Today, Davaid Wantanabe announced that Yahoo has acquired the rights to his popular Inquisitor for Safari. Congrats to David, and a big “what the heck?” to Yahoo. I honestly can’t imagine what Yahoo would want with a plugin for Safari. It has long been a Safari-only […]

Inquisitor

Today, Davaid Wantanabe announced that Yahoo has acquired the rights to his popular Inquisitor for Safari.

Congrats to David, and a big “what the heck?” to Yahoo. I honestly can’t imagine what Yahoo would want with a plugin for Safari.

It has long been a Safari-only plugin so with the acquisition of it on Yahoo’s end, I’m curious how it will expand. David has said he will not be joining Yahoo as an employee, but he will continue to be the lead developer of the Safari version.

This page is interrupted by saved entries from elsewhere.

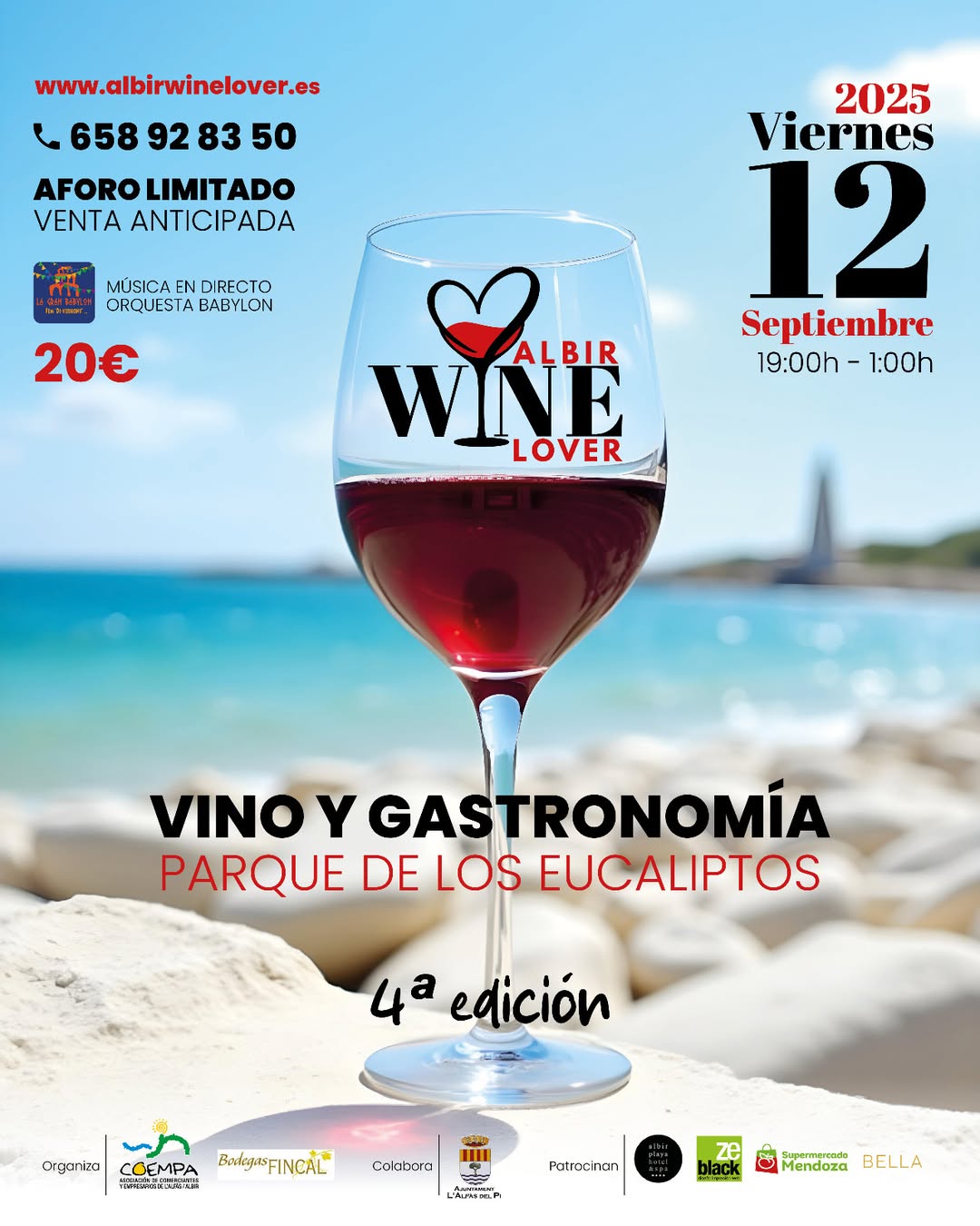 El próximo viernes 12 de septiembre, el Parque de los Eucaliptos, en pleno corazón de L’Albir –L’Alfàs del Pi-, se vestirá de múltiples aromas, sabores y buena música para celebrar la 4ª edición de Albir Wine Lovers, un evento que ya se ha ganado un hueco imprescindible en el calendario enoturístico de la provincia de Alicante.
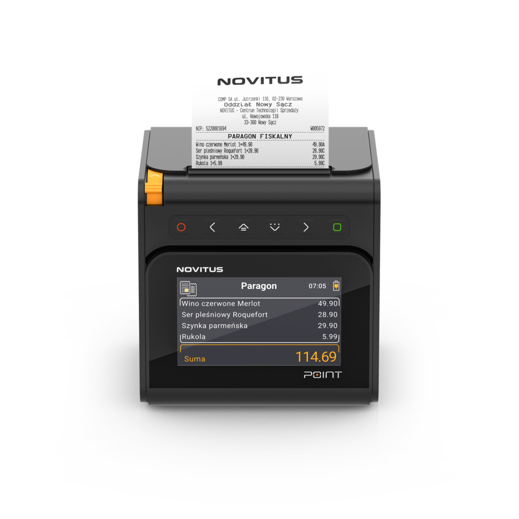 Drukarka Novitus POINT to najnowsza drukarka fiskalna marki Novitus dedykowana dla Twojego biznesu. Drukarka została wyposażona w szereg innowacyjnych funkcji oprogramowania oraz rozwiązań technologicznych. Oprócz wysokiej jakości mechanizmu drukującego zapewniającego bardzo szybki wydruk i precyzyjnego obcinacza papieru drukarka, wyposażona jest w kolorowy wyświetlacz prezentujący zawartość paragonu i nazwy sprzedawanych towarów lub (również graficzne) menu drukarki. Drukarka pracuje w dwóch pozycjach: podnoszonym wyświetlaczem skierowanym do góry i w stronę klienta, a mechanizmem drukującym wydającym papier w stronę obsługi, lub mechanizmem drukującym do góry, a wyświetlaczem klienta zwróconym do przodu. Każdy może dopasować położenie jej pracy do własnego stanowiska sprzedaży.
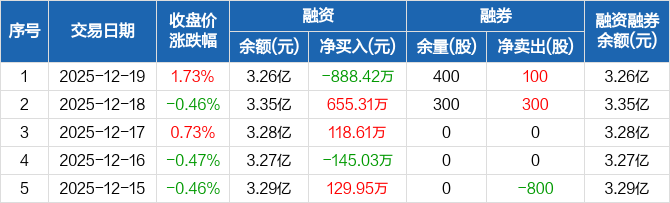 常熟汽饰:融资净偿还888.42万元,融资余额3.26亿元(12-19)
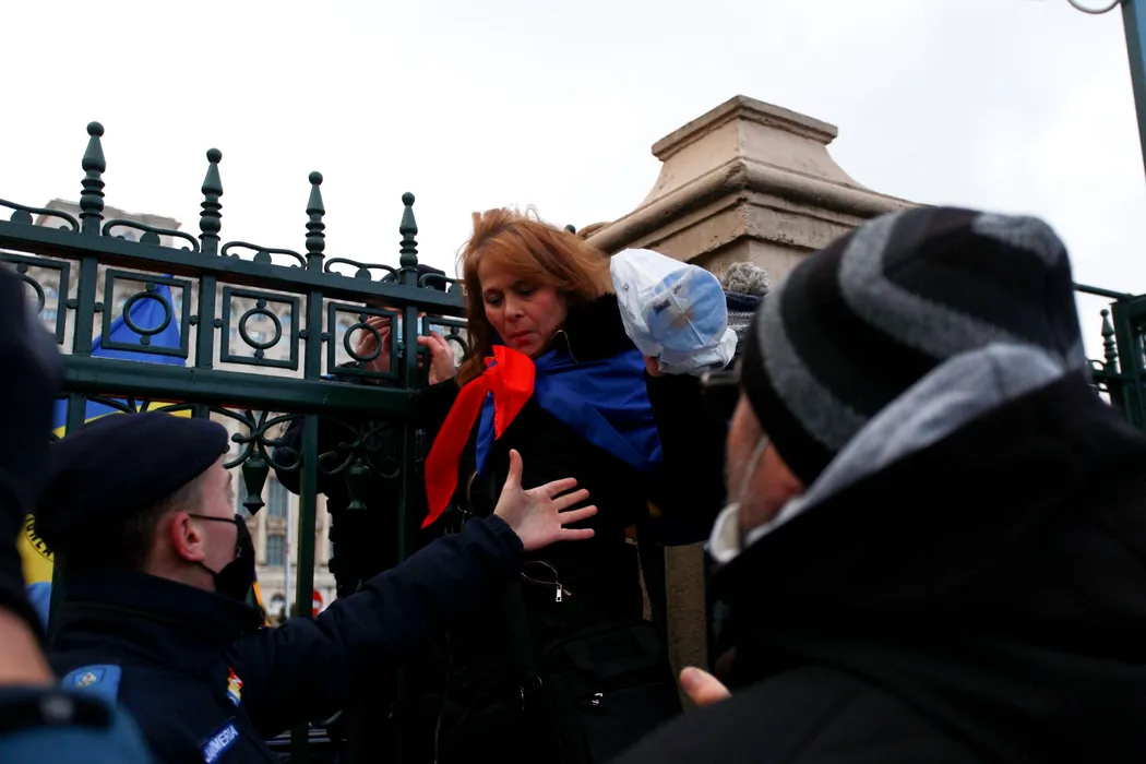 FOTO-VIDEO | Sute de susținători ai AUR protestează față de certificatul verde. Manifestanții au trecut de jandarmi și au ajuns pe scările Parlamentului. Mitingul s-a mutat la Guvern
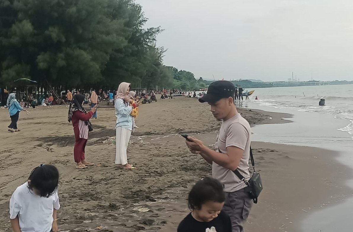 PANTURA24.COM,BATANG – Memasuki hari ketujuh setelah Lebaran, kawasan wisata Pantai Jodo yang berada di Desa Sidorejo, Kecamatan Gringsing, Kabupaten Batang, Jawa Tengah, dipadati pengunjung, Sabtu (28/3/2026). Wisatawan memanfaatkan sisa libur panjang untuk berwisata bersama keluarga.
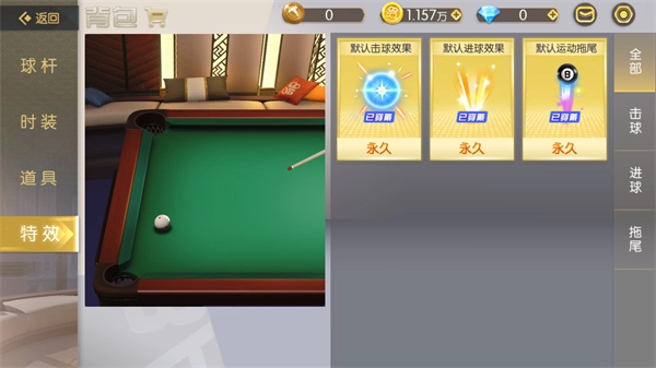 尖端巧粉,杆杆随心,游戏中配置多种属性、不同品质外形的球杆和球桌,超炫球技,彰显至尊身份。
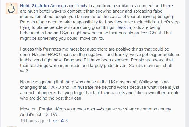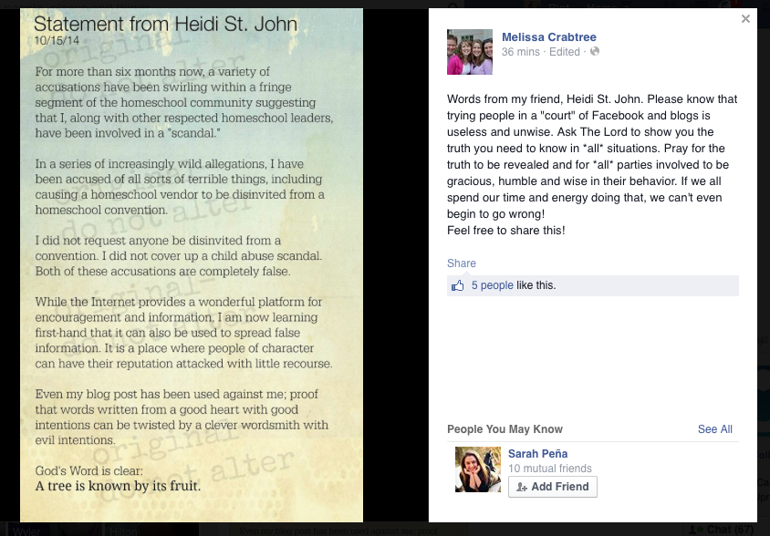 The statement alleged to be St. John’s was posted on Facebook by Melissa Crabtree (image archived here). Crabtree is Heidi St. John’s virtual assistant. St. John herself has not posted this statement on any of her publicly accessible social media accounts. We have repeatedly attempted to contact St. John — both to verify this statement’s authenticity and to give her the opportunity to comment on our “When Homeschool Leaders Looked Away” piece prior to publication — but she has refused to respond. (Update, 10/18/2014: Heidi St. John has finally confirmed the statement’s authenticity and posted it on her Facebook page.) However, numerous factors indicate the statement is authentic, so we are sharing it here:
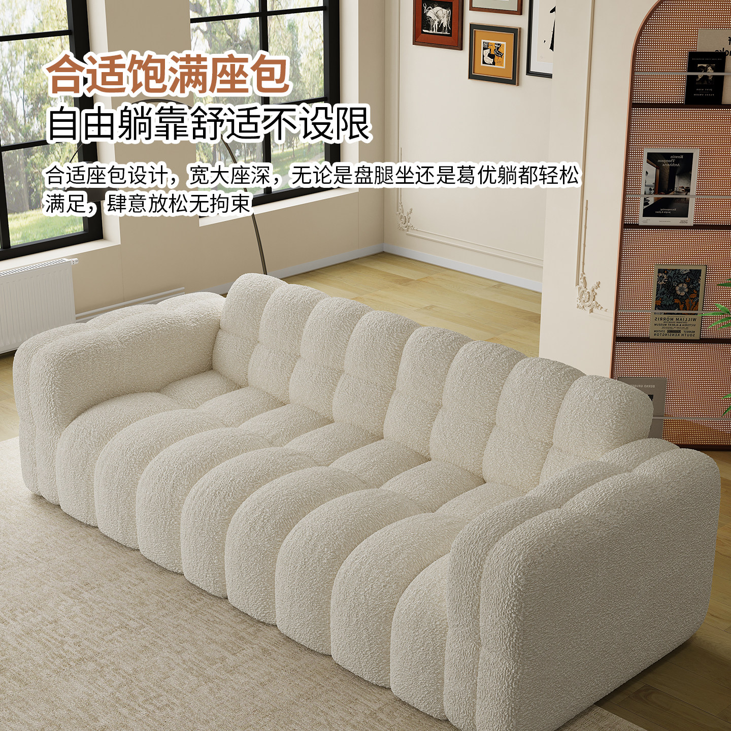 奶油风饼干沙发客厅现代简约公寓出租房小户型泡芙直排布艺沙发
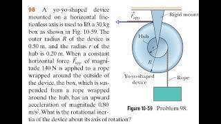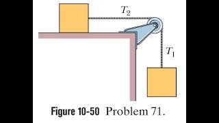 A pulley, with a rotational inertia of about its axle and a radius of 10 is acted on by a force appl

Along with the acquisition announcement, version 3.1 of the plugin was released that “improves performance, simplifies the process for switching search providers, and removes affiliate links from the program”. In lieu of the acquisition, it’s obviously not a surprise that Yahoo is now the default search provider (though you can easily change that in the preferences).

Anyone care to venture as to what Yahoo might do with Inquisitor or how it will benefit them?

[Via Daring Fireball]

  1. It is a pretty impressive plugin, not sure what they plan on doing with it, using it to get more people to search with yahoo by making yahoo the default search? I am sure (read i hope) they will also adapt it to other browsers since I recently switched to Camino and miss it.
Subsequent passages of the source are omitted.